In the last 4 months I have become a quite active user of Azure app services using Linux containers. There are multiple reasons why Linux containers should be chosen in my opinion:
- They are cheaper.
- Providing Docker images gives us nice reusability.
- This is indeed serverless as the whole infrastructure is managed by Azure.
- We can run multiple containers within one instance.
- We can choose between well configured default images or roll out our own ones
All in all quite simple, right? Except, that this is still beta software and documentation is not up to the standard set by established Azure services. Furthermore, there are some cruel pitfalls that can make your life hell.
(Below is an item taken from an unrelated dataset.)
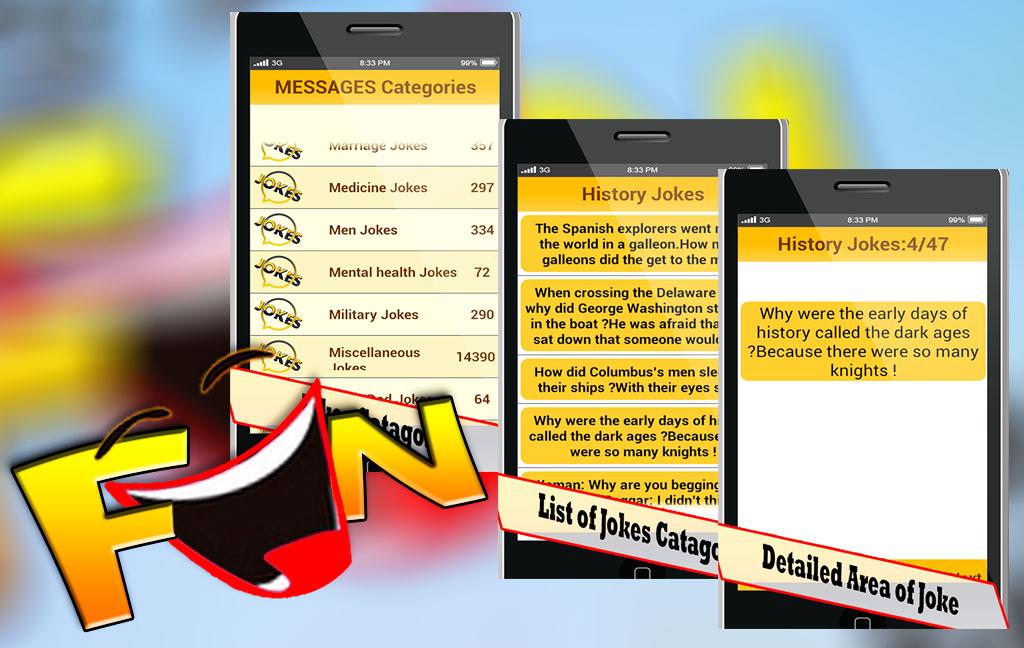 Funny and Joking SMS messages Collection for Android User, Have a lot of laugh with thousands of funny jokes, and add your own as well. We would like to give you a thousands of Free Funny Jokes in different categories. You can send jokes sms via SMS, text message etc. In this free app you would be able to find a funny joke messages to put in your Facebook status or send to the others. SMS Collection in different languages for the best..

There are three lessons I've learned in the last couple of months.
Let's cut to the chase and list them right away:
- Keep alive is a must.
- No support for the permessage-deflate WS extension.
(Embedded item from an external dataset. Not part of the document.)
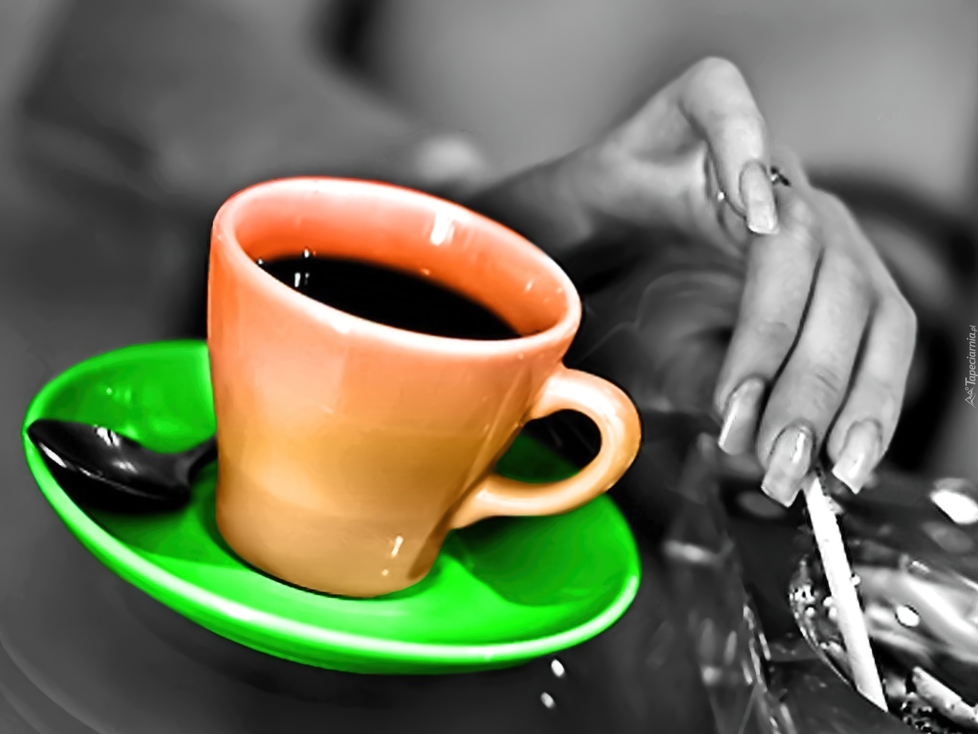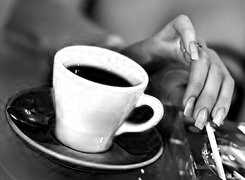 Edytor tapety: Kawa, Filiżanka, Dłoń, Papieros

- Azure metrics / ping services are not reliable.
Regarding the first point the message is quite important: Azure offers "unlimited" incoming HTTP connections, but will cut you off at ~150 outgoing ones. 150?! That is really low! I expected that number at least 1 magnitude higher. Nevertheless, normally this problem is easily solved via the keep alive options. There are some other HTTP / TCP/IP socket settings that should be applied for best performance, but these are rather just cosmetics. The big point is that if you do not want to suddenly be stalled in your backend you will need the keep alive option.
Now the second point may only apply to some pre-configured images. At least I (surprisingly) did not have any problems with custom images and websockets. That changed when I used the offered Node.js (8+) image as a basis. Even though my websocket worked flawlessly locally it would not work when hosted within the Linux app container. Luckily, after researching the topic I encountered the respective Wiki on GitHub. In there an FAQ entry covered exactly that topic... Turns out one needs to disable the permessage-deflate extension, which can be done in Node.js quite easily.
The last point may be rather generic, but actually I never had such problems with standard (Windows) app services in the past. The story goes as follows: We set up several alerts that trigger when certain response times are exceeded. We repeat the tests to really confirm the initial results before sending any message. Nevertheless, even though this seems to be quite robust theoretically we get several messages per day that remind us of potential downtimes. Fair to say that a downtime never happened.
Running our own ping tests side-by-side we see quite some differences arising here. How can it be that a ping test inside the Azure data center yields worse data than one from outside networks? Seems hard to explain to me ...
Bottom line: Azure and Linux still fits, there are just the typical beta problems (edge cases, lack of documentation, ...). I will certainly continue on the all-in Linux container app service path; it is fast, reliable, and very flexible.